We all hate Stephanie Meyer.
I get it; it’s FUN to do. There are good reasons to do it.
But Charlie Stross is a fucking idiot. Reagan’s Thirteenth Commandment applies to science fiction. There’s being genuine, and there’s being stupid.
Beating up on sci-fi for not being accurate enough is futile; beating up on it for being too trendy is counter productive. Trendy sci-fi = more readers. End of fucking discussion.
There is no end of fiction that is pretentious, plotless, mundane crap. And you won’t find a robot, rocket, alien or werewolf in any of it. I don’t really get the welding-goggles and brown clothes thing, either (why dress like the photograph and not the person?) but cyberpunk is dead, space opera is sputtering, and the whole concept of “mundane” science fiction (ultra-realism taken to the extreme that NONE of the classic sci-fi tropes are feasible? Really?) is so distasteful that I’m not sure a working example would be readible if anyone had written such a thing.
The beauty is that Stross’ attempt to go all Lynyrd Skynyrd on Cherie Priest’s Neil Young will only validate her readers and get her more sales — she knows this, and has said as much. And for the record, I’m about 1/3rd of the way through Boneshaker (I still can’t read print for shit — too blurry — at least the internets I can crank up the font size when the ol’ eyebones go south) and am pleased to report that it is, indeed, a hell of a lot of fun, even if I have no intention of dressing up in crushed velvet, lace and a lab coat as a byproduct.
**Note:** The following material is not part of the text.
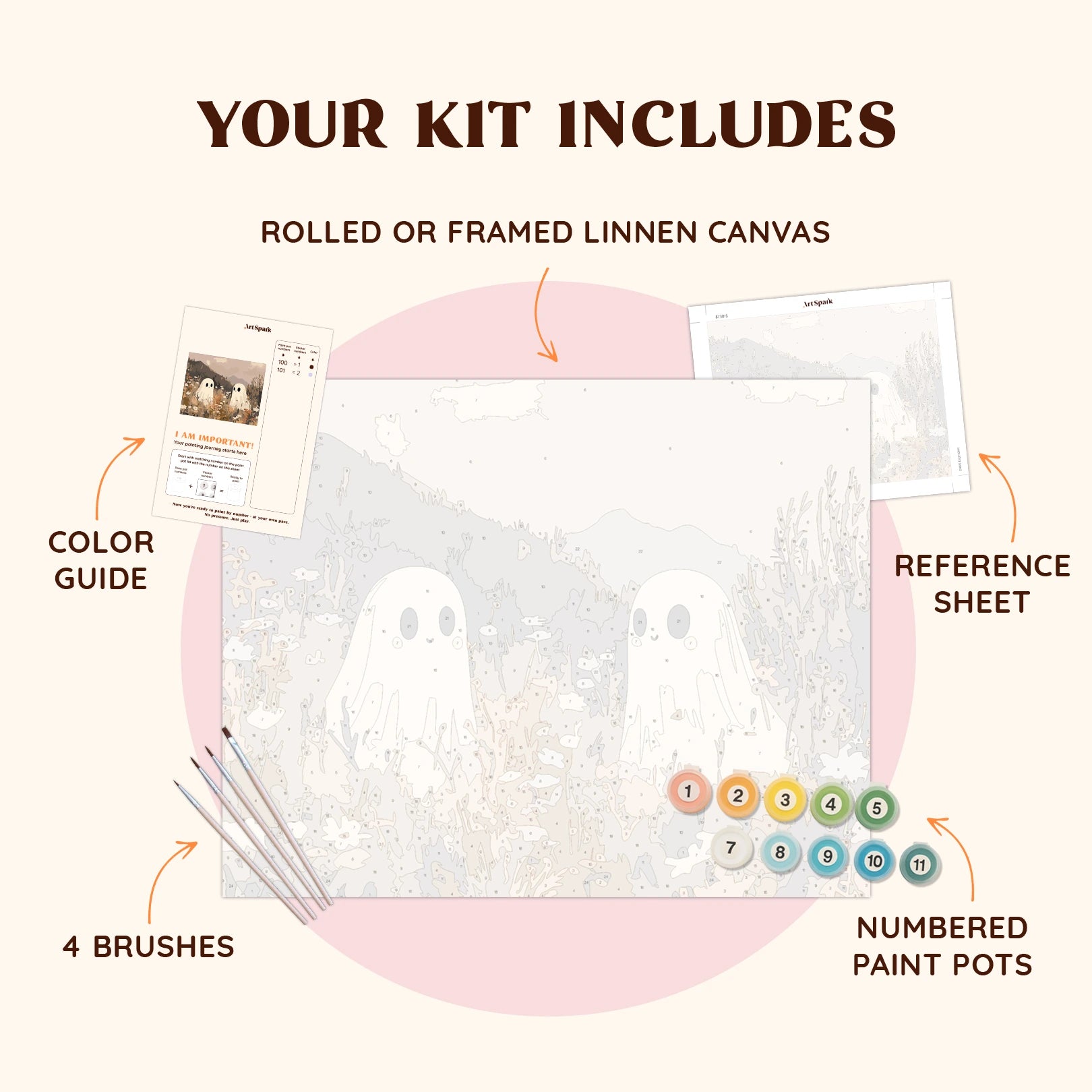 Discover the charm of the "Phantom Meadow" paint by numbers kit, where two adorable, friendly ghosts wander through a serene and magical meadow. This whimsical design combines soft earthy tones with a touch of playful mystery, making it a perfect addition to any home or creative space.
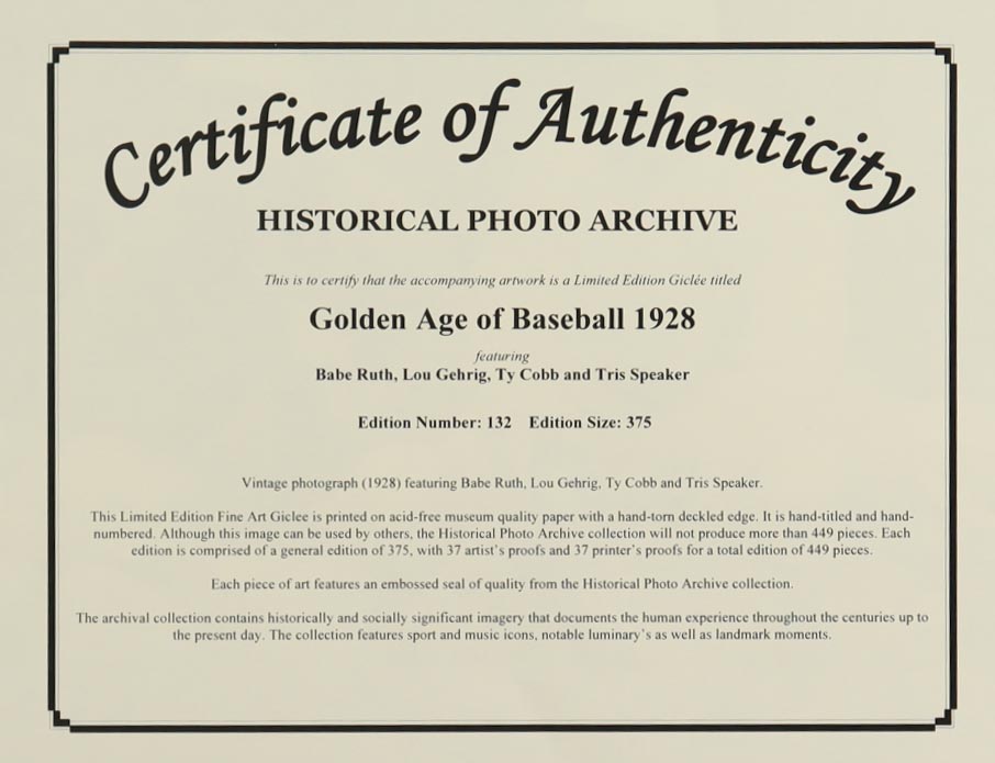 A collectors dream. Giclee photo includes: Babe Ruth, Lou Gehrig, Ty Cobb and Tris Speaker.

Credit where it’s due — I haven’t read anything by Stross and probably should. But I’ll remember him as an asshole who violated a point of advice I attribute initially to an editorial Kristen Kathryn Rusch wrote about the Harry Potter novels — you don’t have to like them or think they’re good, you have to appreciate them because they introduced A LOT of kids to the pleasure of reading.